Warm weather aside, you can sense summer beginning to lose its grip just as it does almost every year at this time. The Rufous Hummingbirds rely more on flower petals than plastic feeders now, and as the plants fade away so too will the amazing little birds. We haven’t heard a Western Tanager in a while, although they’ve dipped in the bird baths a time or two. The Goldfinch kept the yard bright again, but they, too, are dispersing. Black-headed Grosbeaks were abundant and, judging from the many young birds around, will be again next year.
On the flip side, we were disappointed at the total absence of Evening Grosbeaks to our feeders, the first year we haven’t seen them. We also missed the Pine Siskin, which is related to the Evenings. Coincidence? We actually felt sorry for the male House Wren: he was industrious in his building and enthusiastic in song, but didn’t attract a single female while he was here. We had five busy nests near the house last year.

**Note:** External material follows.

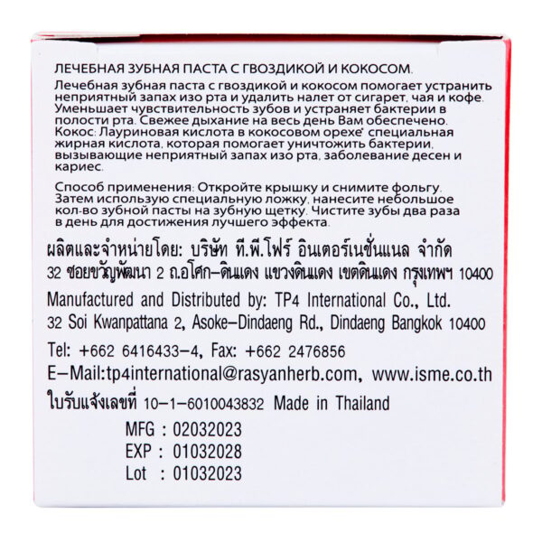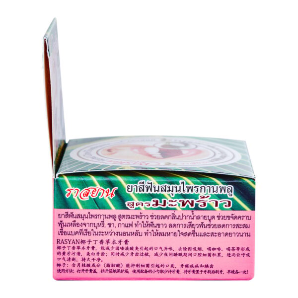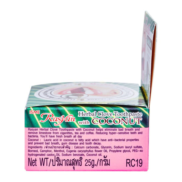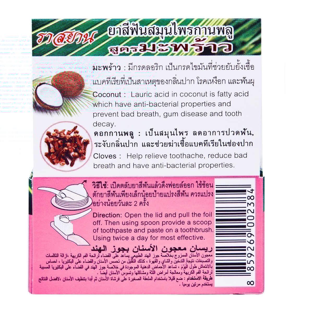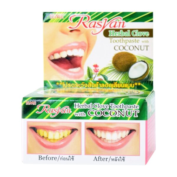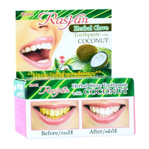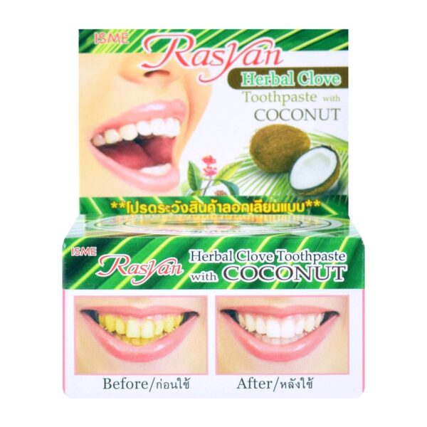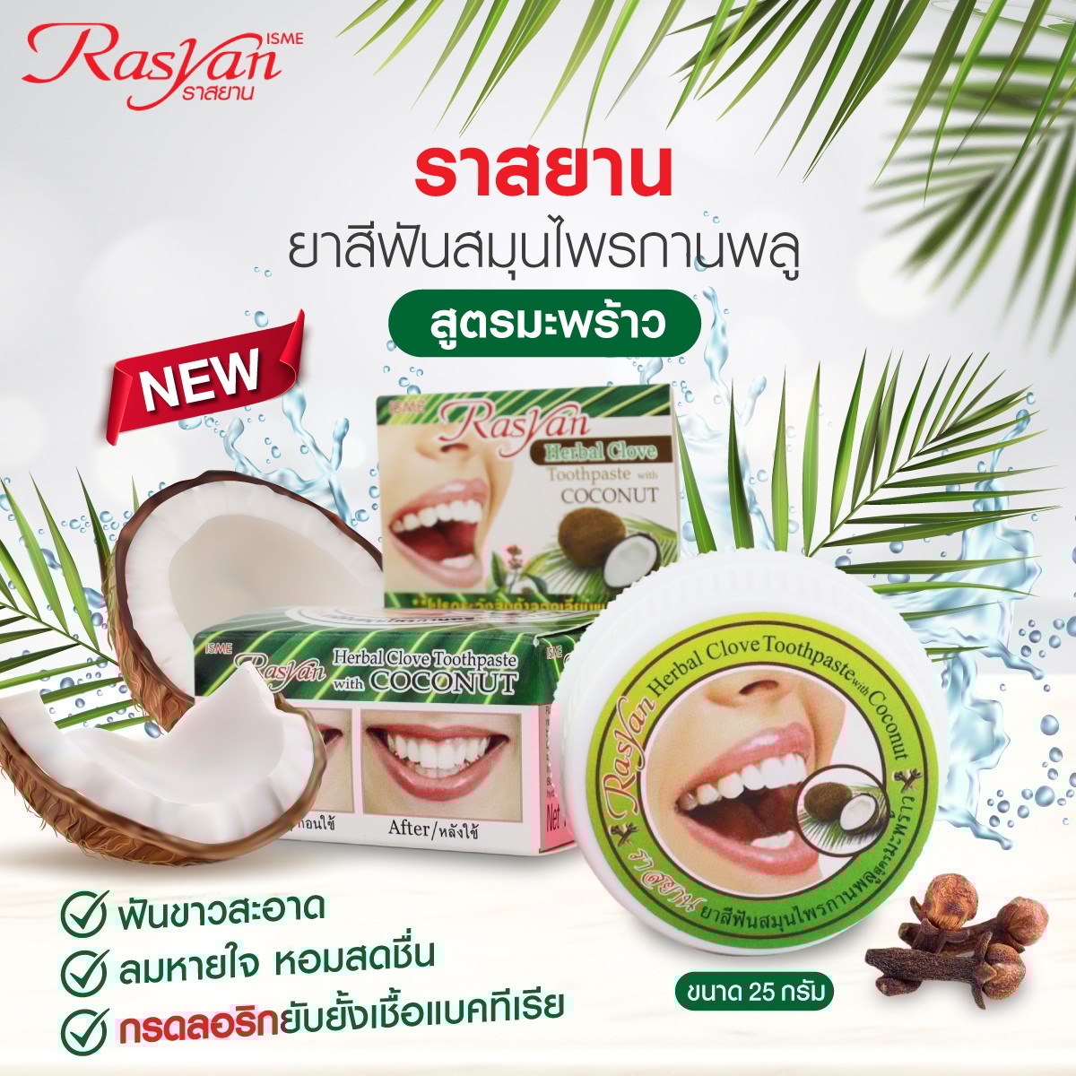 – ราสยาน ยาสีฟันสมุนไพรกานพลู สูตรมะพร้าว

I’ll remember one bird in particular from 2006, a young Steller’s Jay that we helped put back into the wild. He’d been nursed to health at a local wildlife rehabilitation center, and because we’d brought injured birds there before they felt we’d make a good go-between for his flight back to the real world. When we opened the basket he flew straight up into a fir tree, took a quick look around, and kept going. The perfect goodbye. And good memories to tide us over until next March, when the hummingbirds return and the cycle we know starts anew.